That’s Sheikh Sattar shaking hands last week with George W. Bush. Back in June, Time Magazine described Sattar this way:

General Odierno, an Iraq veteran with a reputation for cold-eyed realism, has cited the military’s partnership with formerly anti-American tribes in the restive Anbar promise. There, U.S. Marines have supported a coalition of tribes, known as the “Anbar Salvation Front,” fighting al-Qaeda. The group’s leader, Sheikh Sattar al-Rishawi, is ostensibly cooperating with the U.S. and Iraqi forces to drive out the foreign fighters who make up much al-Qaeda’s ranks in Iraq. And since the alliance has been in effect, the number of attacks against U.S. forces in Anbar has halved.

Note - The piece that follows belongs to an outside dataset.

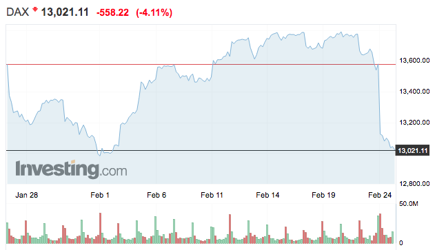 A német DAX index 5 óra előtt 4% fölötti mínuszban

But that’s only part of the picture. Sheikh Sattar, whose tribe is notorious for highway banditry, is also building a personal militia, loyal not to the Iraqi government but only to him. Other tribes — even those who want no truck with terrorists — complain they are being forced to kowtow to him. Those who refuse risk being branded as friends of al-Qaeda and tossed in jail, or worse. In Baghdad, government delight at the Anbar Front’s impact on al-Qaeda is tempered by concern that the Marines have unwittingly turned Sheikh Sattar into a warlord who will turn the province into his personal fiefdom.

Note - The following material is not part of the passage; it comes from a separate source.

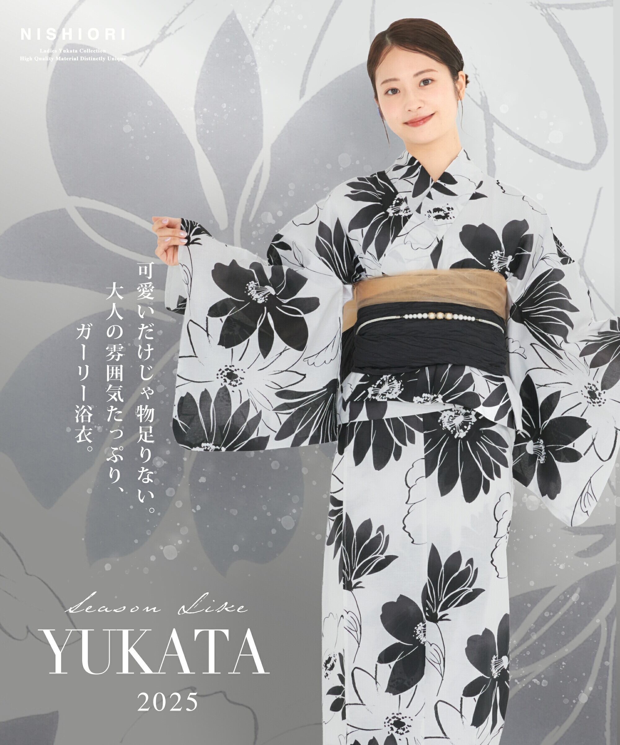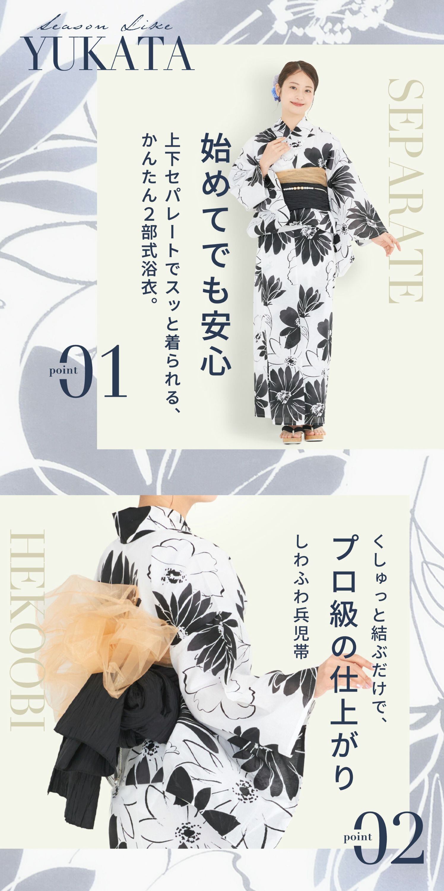 着付けが簡単な《二部式タイプ》のセパレート浴衣に、柔らかい質感のしわ兵児帯を合わせた2点セットです。

As should be obvious from this description, it wasn’t necessarily al-Qaeda in Iraq elements that killed Sattar. In Washington, this guy was some kind of hero. In Anbar, he was a warlord that was known for highway robbery, who was cooperating with the occupiers and throwing people in jail without just cause.

Our country is having a debate about Iraq but it isn’t a debate that is even remotely connected to reality.